Page 26
CHAPTER 26
Diana was dozing in the passenger seat, but she woke up when Costa pulled into the ranch yard. She rubbed her eyes and looked around as he kept going, past the house and up a steep driveway that led to the saguaro cabin.
“We can go down to the main house if you want,” Costa said, glancing at her. “But I thought you might want a little while to get refreshed. It looks like that coffee and Red Bull is wearing off.”
Diana laughed and rubbed her forehead, where a headache had erupted again. “Yeah, I’ve definitely build up a tolerance over the years. You wouldn’t think so after sleeping for the better part of a day, but I feel like I’m crashing.”
Costa looked at her with worry. “How bad? Want me to call the SCB?”
“No, it’s nothing like that. I’m just tired.”
They collected the shopping bags and went inside. Diana hadn’t expected the cabin to remain untouched in their absence, but apparently it had, with no sign that anyone had been in it at all. Her empty coffee cup was in the sink, right where she had put it days ago. She rinsed the cup and put it away. The crib was still just as they had left it, and Diana laid a hand on it, caught up in a sudden urge to hold Emmeline in her arms again.
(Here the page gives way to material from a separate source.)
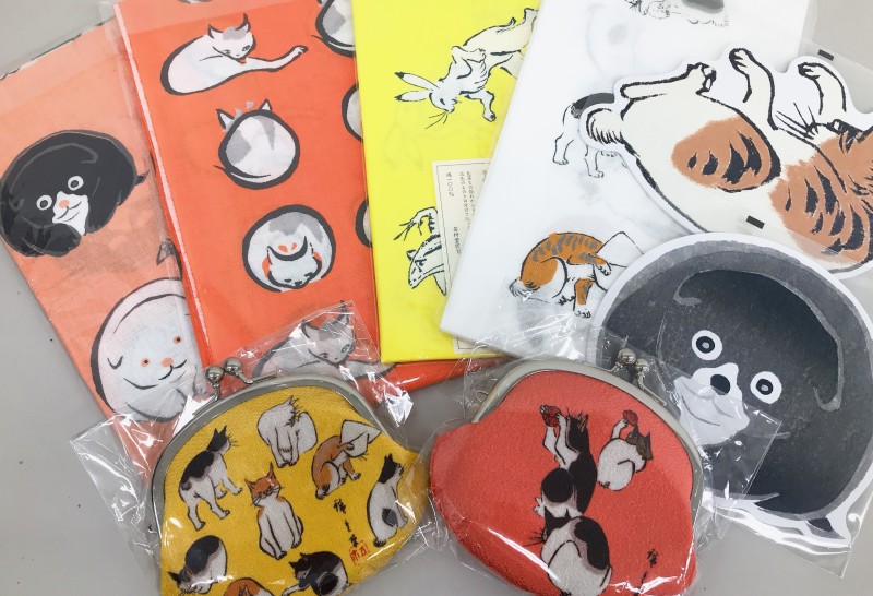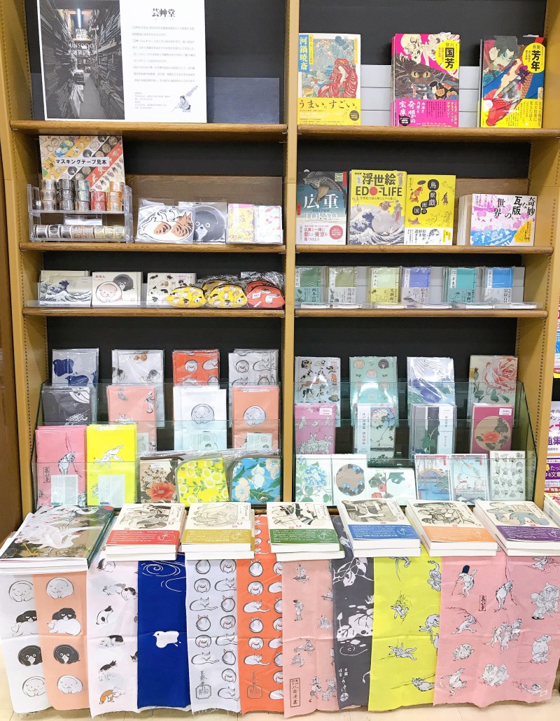 オススメの浮世絵書籍はもちろん、和綴じ製本で手のひらサイズの可愛らしい豆本シリーズ、美しい日本画の花々を描いたクリアファイルや絵葉書、浮世絵の猫や子犬の手ぬぐいやがま口、御朱印帳などもございます。エスカレーター上がってすぐフェアコーナーにて販売中ですのでぜひお立ち寄り下さい。

“With all that’s been going on, I completely forgot—are there any updates on Em from the SCB? Finding out who she really is, I mean.”
“None so far,” Costa said. He opened the fridge and began to put away the few additional items he’d brought. “The confiscated lab records from Alamagordo might shed some light on it. I think it’s definitely looking like Em was there for a while.”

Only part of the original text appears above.